Like all the Greasers, I have chosen a “uniform” for my character, one that will be different from the seven others and easily identifiable in the many group shots the movie will require. (This is an important lesson when working in ensemble casts. Be unique. Be noticed. But never do it in a way that is showy or attempts to pull focus in a dishonest way.) I’m in my black work boots (they are heavy, and will make my walk slow and plodding) and white T-shirt with an open flannel shirt over it. My collar is up. My hair is slicked back.
I am in awe of Emilio’s bold choice for his “look.” He will wear a Mickey Mouse T-shirt throughout the movie. Francis likes it so much that not only does he pay Disney exorbitant rights so Emil can wear the character on his shirt, he writes a scene where we all watch Mickey on TV. That’s how you make a mark. Make a strong choice for your character, and if it works, you never know where it will lead. (And indeed, Emilio’s relentless ad-libbing and ideas took a peripheral character and made him a focal point.)

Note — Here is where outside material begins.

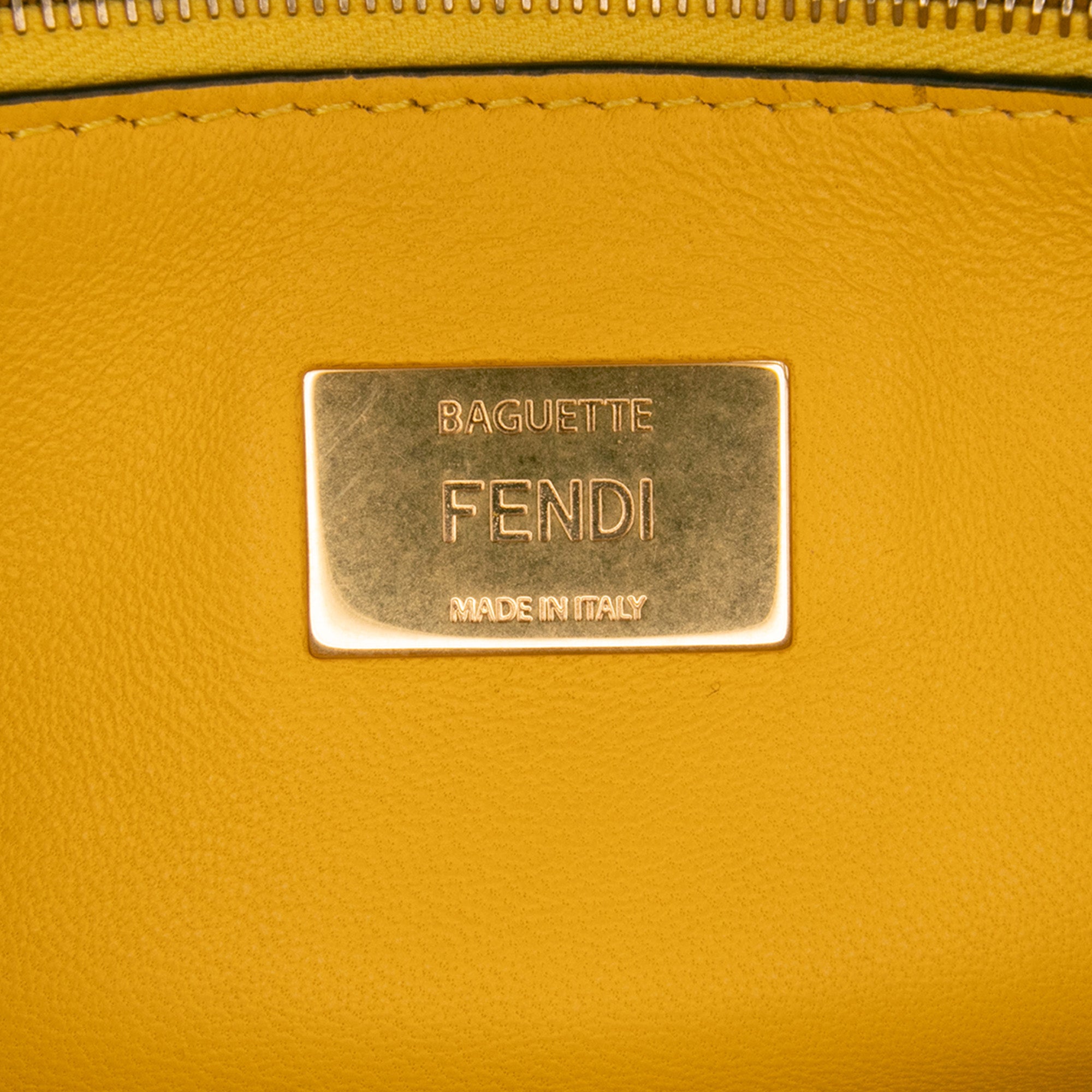 Please note this is a pre-owned item that may display signs of wear consistent with the condition listed above and shown in photos. Designer Revival guarantees this is an authentic Yellow Fendi Zucca Embossed Chain Midi Baguette Shoulder Bag or 100% of your money back. Learn more about our authentication process.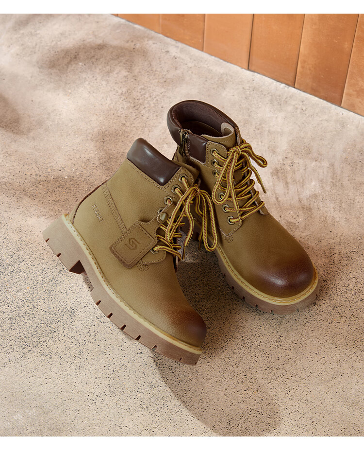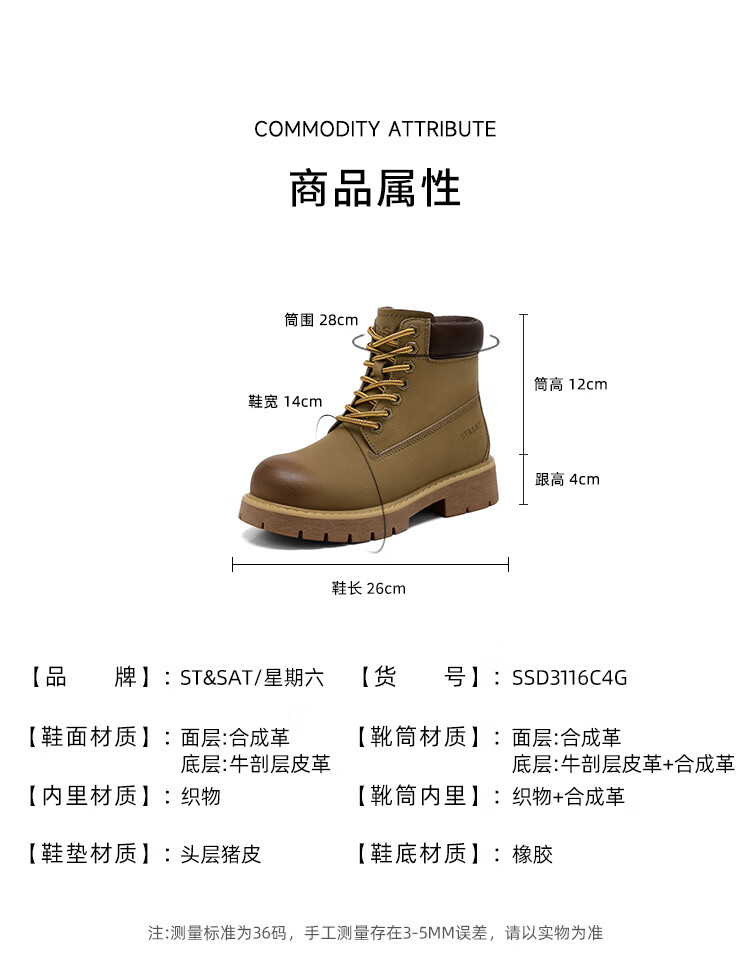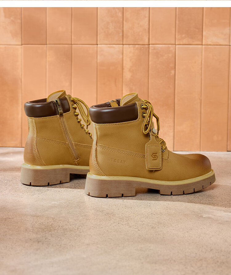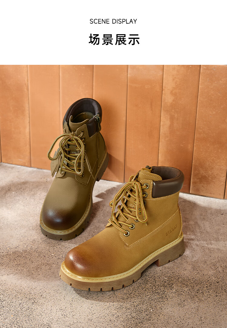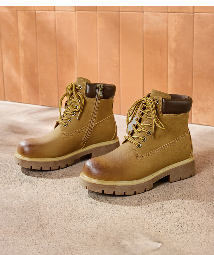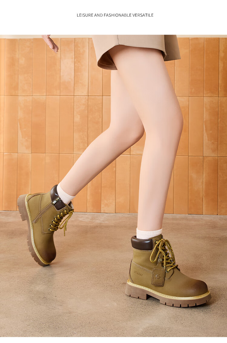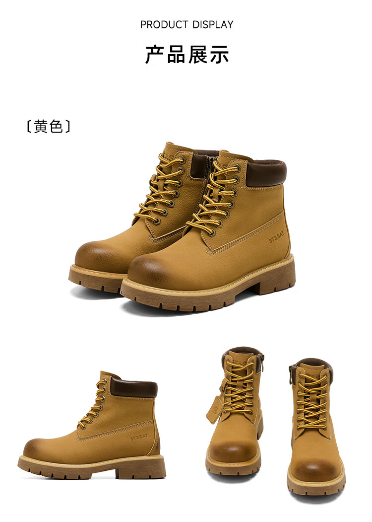 星期六厚底马丁靴女2025新款秋季户外登山短靴子女爆款工装大黄靴 黄色 【四季百搭】 35

My first shot in the movie has all of us together in the dirty yard where we practiced tai chi. Ponyboy has been beaten up by the rich kids and we rush to the alley to save him. As the Socs’ car pulls out, I elect to do a diving spin move over the hood that I remember from the credit sequence of Starsky and Hutch. I calculate that Francis has rarely, if ever, watched TV, so he won’t notice my blatant lift from my childhood heroes. I’m right.